Here, we use the XPath selector to extract basic product details, such as the name, price, link and ID. We also add additional fields, latest_change() and price_change(). We'll update them later when we get new data.

Next, we'll utilize the parsing logic while sending requests to scrape the product page for these data:

Python
ScrapFly
import asyncio
import json
from httpx import AsyncClient, Response
from parsel import Selector
from typing import List, Dict
from time import gmtime, strftime

# initializing a async httpx client
client = AsyncClient(
    headers = {
        "Accept-Language": "en-US,en;q=0.9",
        "User-Agent": "Mozilla/5.0 (Windows NT 10.0; Win64; x64) AppleWebKit/537.36 (KHTML, like Gecko) Chrome/96.0.4664.110 Safari/537.36",
    }
)


def parse_products(response: Response) -> List[Dict]:
    """parse products from HTML"""
    # rest of the function code


async def scrape_products(url: str) -> List[Dict]:
    """scrape product pages"""
    # scrape the first product page first
    first_page = await client.get(url)
    products_data = parse_products(first_page)
    # add the remaining product pages to a scraping list
    other_pages = [
        client.get(url + f"?page={page_number}")
        # the maximum available pages are 5
        for page_number in range(2, 5 + 1)
    ]
    for response in asyncio.as_completed(other_pages):
        response = await response
        data = parse_products(response)
        # extend the first page data with new ones
        products_data.extend(data)
    print(f"scraped {len(products_data)} products")
    return products_data
import asyncio
import json
from scrapfly import ScrapeConfig, ScrapflyClient, ScrapeApiResponse
from typing import List, Dict
from time import gmtime, strftime

scrapfly = ScrapflyClient(key="Your ScrapFly API key")
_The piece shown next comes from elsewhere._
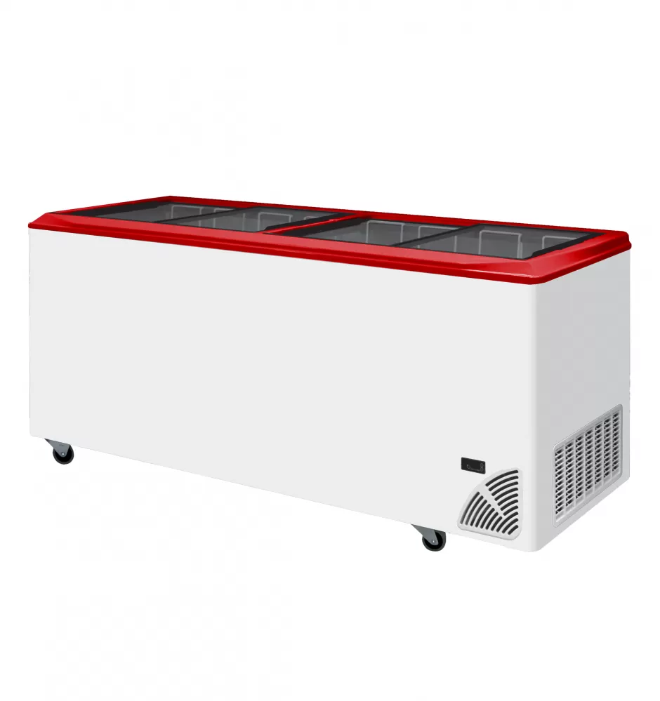 Prosklené mrazničky Byfal jsou k dostání ve třech bravách: červená, šedá, bíla a ve dvou provedeních: s rovným víkem a oblým víkem. Vyznačují se vynikajícími izolačními vlastnostmi. Vnější plášť je vyroben z pozinkovaného plechu, ten je z vnější strany potažen PVC, což jej činí odolnější proti korozi a poškrábání. Vnitřní stěny mrazničky jsou z Alu plechu o čistotě 99 % mimo dna, to je vyrobeno z ocelového plechu s povrchovou úpravou pro styk s potravinami. Vrchní krytí je z tvrzeného skla s termickou vrstvou,která zajistí lepší izolaci.Víko je opatřeno zámkem. Kompresor řídí digitální termostat s displejem, který znázorňuje aktuální teplotu. Ve standardní výbavě se nachází plný počet košů, do kterých je možno objednat dělící přepážky pro rozdělení mražených potravin. statické chlazení|vestavěný agregát|manuální odmrazování|digitální termostat s teploměrem|síla izolace stěny - 65 mm|bílé opláštění, uvnitř ALU|koše jsou součástí|zámek|kolečka Pultová mraznička s posuvným rovným víkem a digitálním termostatem s teploměrem

def parse_products(response: ScrapeApiResponse) -> List[Dict]:
    """parse products from HTML"""
    # rest of the function code


async def scrape_products(url: str) -> List[Dict]:
    """scrape product pages"""
    # scrape the first product page first
    first_page = await scrapfly.async_scrape(ScrapeConfig(url, asp=True, country="US"))
    products_data = parse_products(first_page)
    # add the remaining product pages to a scraping list
    other_pages = [
        ScrapeConfig(url + f"?page={page_number}", asp=True, country="US")
        # the maximum available pages are 5
        for page_number in range(2, 5 + 1)
    ]
    async for response in scrapfly.concurrent_scrape(other_pages):
        data = parse_products(response)
        # extend the first page data with new ones
        products_data.extend(data)
    print(f"scraped {len(products_data)} products")
    return products_data
Run the code
async def track_prices():
    data = await scrape_products(url="https://web-scraping.dev/products")
    print(json.dumps(data, indent=2))

if __name__ == "__main__":
    asyncio.run((track_prices()))

In the above code, we initialize an asynchronous httpx client and define a scrape_products function. It scrapes the product pages by scraping the first page first and then the remaining page concurrently.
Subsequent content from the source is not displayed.